The night before our first real family vacation, my husband walked through the front door on crutches.
We had twin girls, and for most of their lives, “vacation” was a word other people used. Families who didn’t sit at the kitchen table on Sunday nights with a calculator and a stack of bills. Families who didn’t debate which payment could be late without consequences.
There was never extra. There was only survival.
So when we both got promoted within weeks of each other, it felt like something out of a different life. I remember sitting at the kitchen table while the girls colored between us.
“What if we actually go somewhere?” I asked.
“Like… a real vacation?” he smiled.
A real one.
I booked everything myself—flights to Florida, a beachfront hotel, kids’ activity packages with cheerful names like Ocean Day. I even booked a spa treatment for myself and felt guilty pressing confirm.
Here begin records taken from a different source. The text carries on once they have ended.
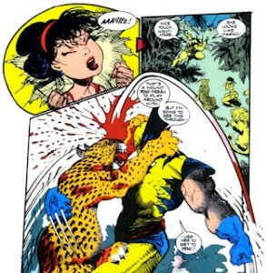 Una trama divertida pero menos coherente con Veneno, eso si. Es una parte divertida de la historia del personaje, pero había olvidado que gran parte de esta época Venom también se estaba desmoronando y sacrificando el personaje por la grandilocuencia. Y como os decía, otros cameos en el cómic incluyen a Elektra y Stick de la serie de Daredevil, que son excelentes incorporaciones, ya que ambos ayudan a Logan con sus problemas también. Y es que yendo a lo bueno, Garras y Fauces, en realidad, y pese a lo contado antes, es una lectura entretenida sobre Logan. Con un un arco argumental creado por Howard Mackie para la ocasión y varios artistas muy talentosos en el contenido incluyendo entre ellos al señor Sam Kieth (recientemente
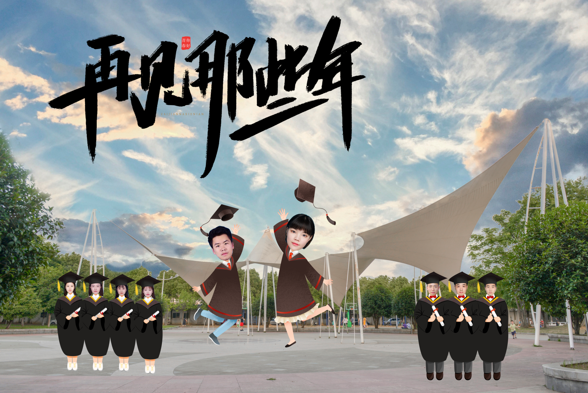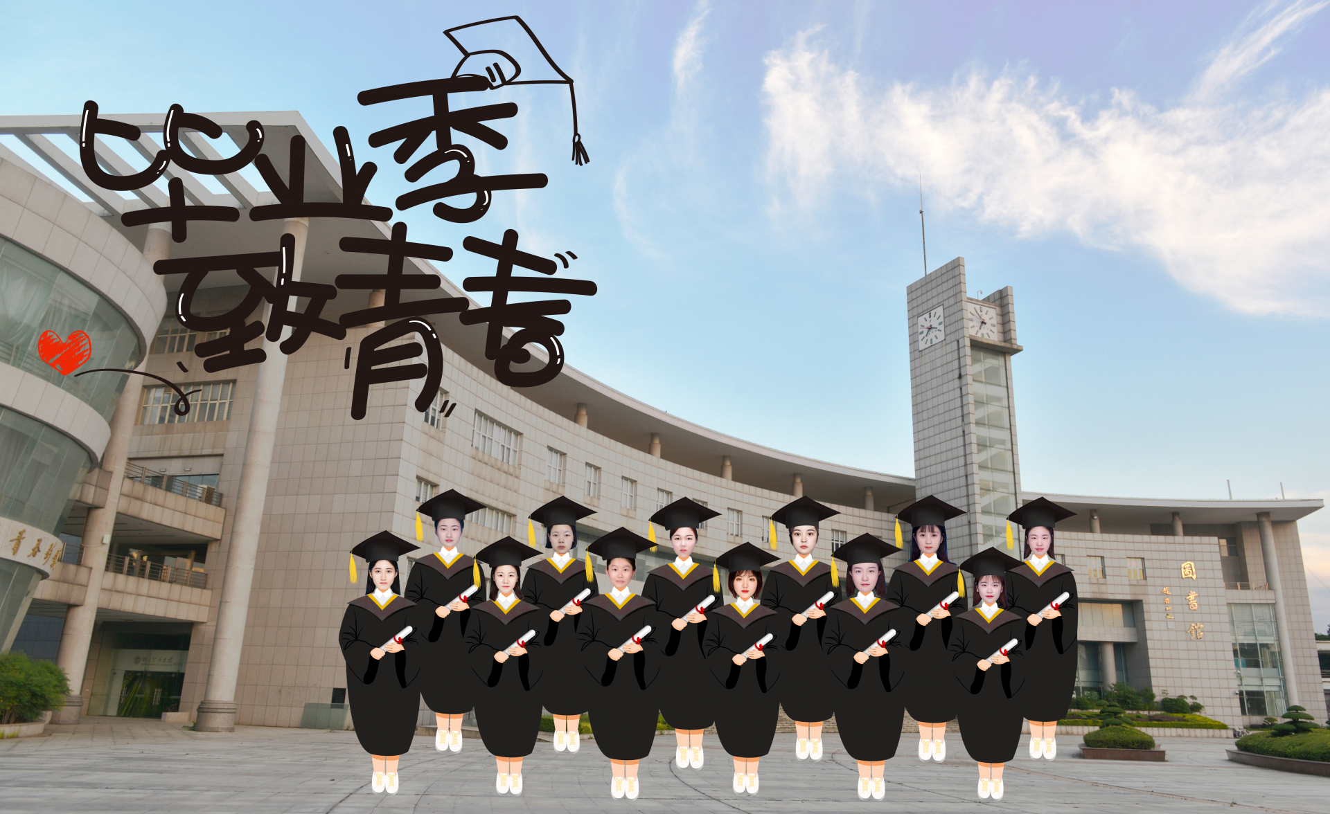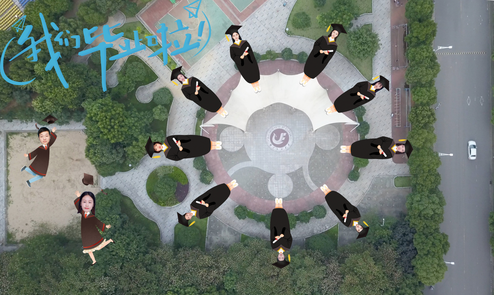 这套毕业照的最大亮点是大学生们的大头照和手绘式学士服。疫情期间,学生们不能返校,法商学院组织宣传部提供最新校园图片,该校金融系毕业生杨晨风设计,各班实习小组长收集了同学们的登记照,通过“云”上,在校园“小光谷”“西区田径场”“图书馆”“逸夫教学楼”等标志性位置进行毕业合影。
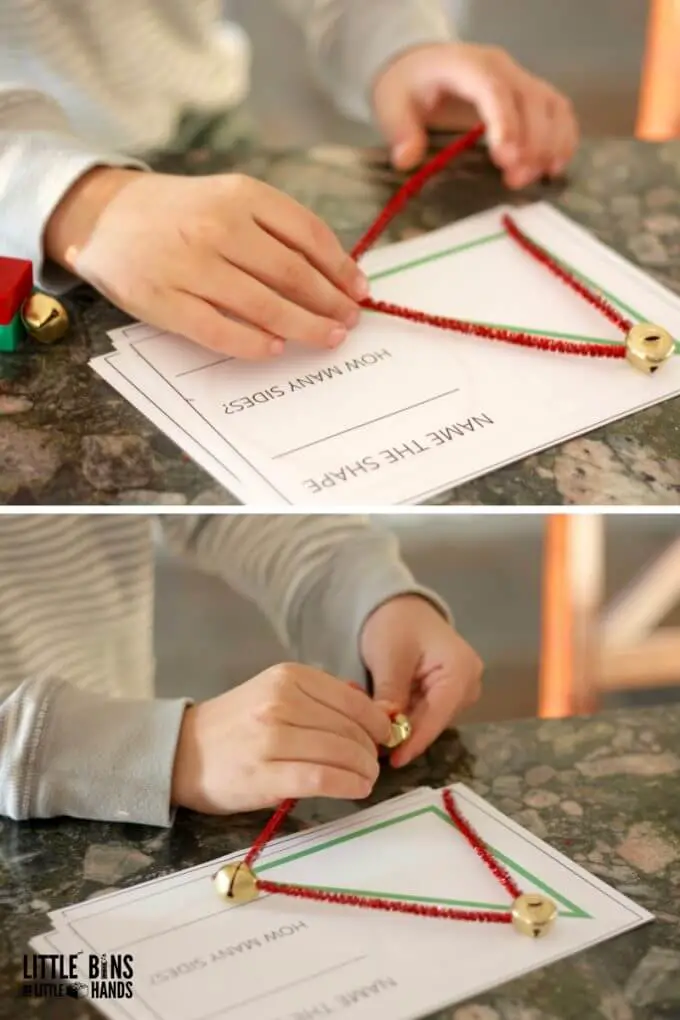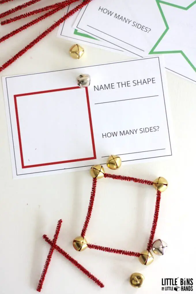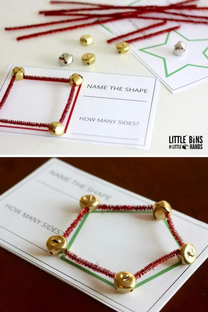 The items required for this activity includes jingle bells, printed shape on paper, and pipe cleaners.

I checked the confirmation emails more times than I needed to, just to make sure they still existed.
I started crossing days off the calendar like a child.
The girls squealed every morning. “How many more, Mommy?”
I didn’t realize how badly I needed something to look forward to until I had it.
Then the night before we were supposed to leave, the front door banged open.
Something heavy hit the wall.
When I walked into the hallway, he was standing there on crutches. His leg was in a thick white cast. My brain went blank.
“What happened?” I whispered.
“A woman hit me with her car on the way to work,” he said quietly. “She wasn’t going fast. I’m okay.”
I stared at the cast. My heart dropped straight through the floor.